Fungal-bacterial diversity and microbiome complexity predict ecosystem functioning.

Nat Commun 2019 10 24;10(1):4841. Epub 2019 Oct 24.

Plant Soil Interactions, Division Agroecology and Environment, Agroscope, Reckenholzstrasse 191, CH-8046, Zürich, Switzerland.

The soil microbiome is highly diverse and comprises up to one quarter of Earth's diversity. Yet, how such a diverse and functionally complex microbiome influences ecosystem functioning remains unclear. Here we manipulated the soil microbiome in experimental grassland ecosystems and observed that microbiome diversity and microbial network complexity positively influenced multiple ecosystem functions related to nutrient cycling (e.g. multifunctionality). Grassland microcosms with poorly developed microbial networks and reduced microbial richness had the lowest multifunctionality due to fewer taxa present that support the same function (redundancy) and lower diversity of taxa that support different functions (reduced  functional uniqueness).

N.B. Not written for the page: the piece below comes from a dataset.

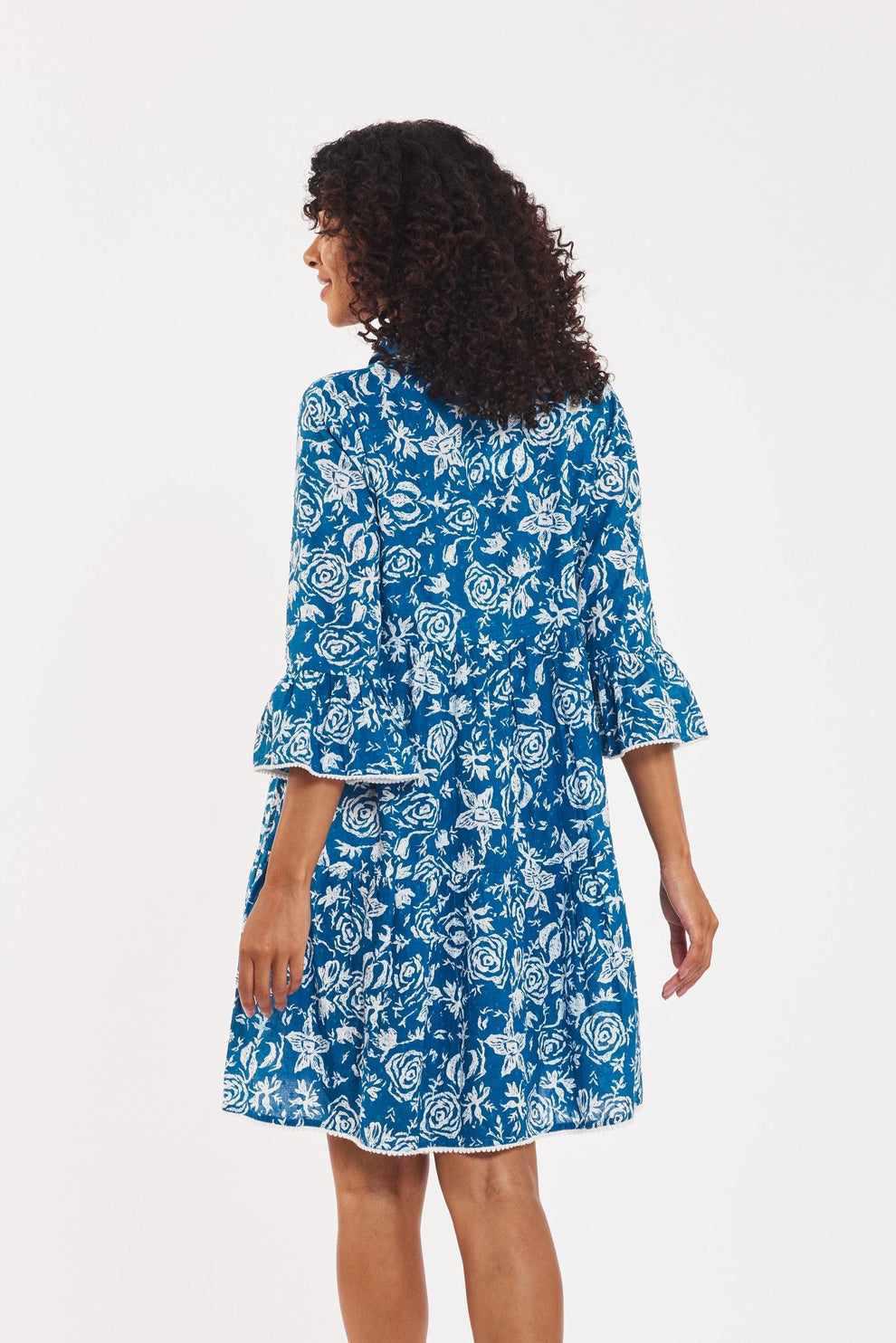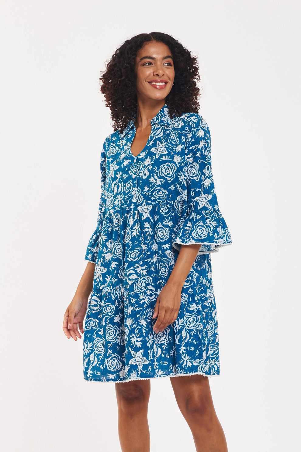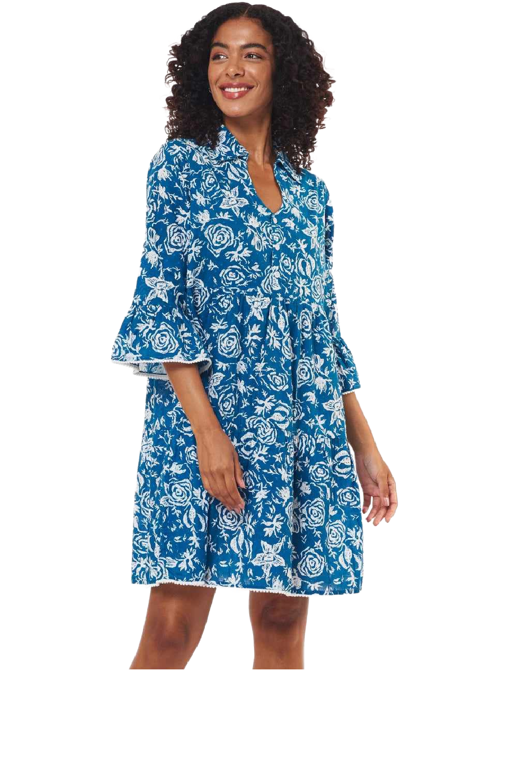 Indulge in sophistication and comfort with the Cadenza dress. Crafted from luxurious and soft cotton swiss dot with a classy navy and white floral print, this practical dress is elevated with delicate pom pom trim and a classic collar. Perfect for any occasion, it's a must-have addition to your wardrobe.
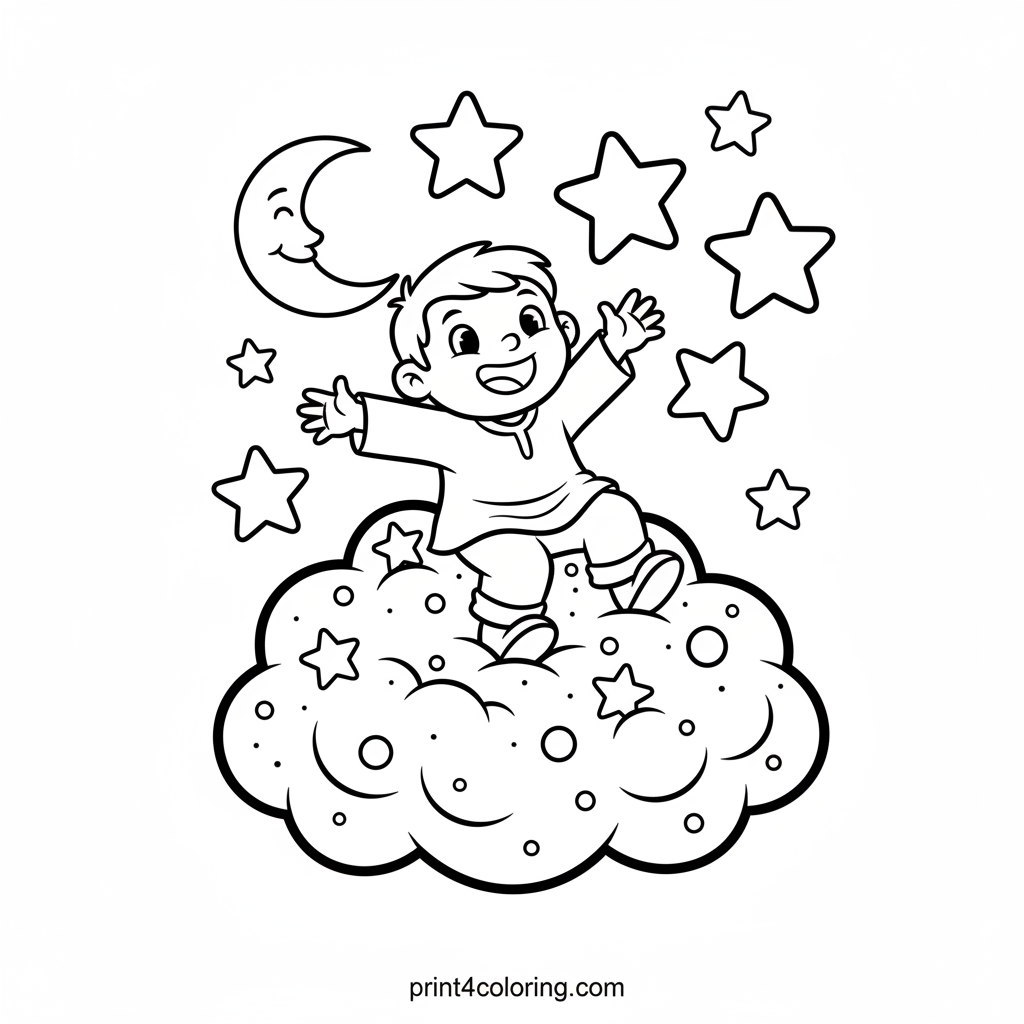 Soar into a magical world where a happy child floats gently on a giant, fluffy rice pudding cloud! Reach out and catch sparkling, edible stars in a whimsical night sky. This enchanting scene invites you to add vibrant colors to a delightful dream adventure.

Moreover, different microbial taxa explained different ecosystem functions pointing to the significance of functional diversity in microbial communities. These findings indicate the importance of microbial interactions within and among fungal and bacterial communities for enhancing ecosystem performance and demonstrate that the extinction of complex ecological associations belowground can impair ecosystem functioning.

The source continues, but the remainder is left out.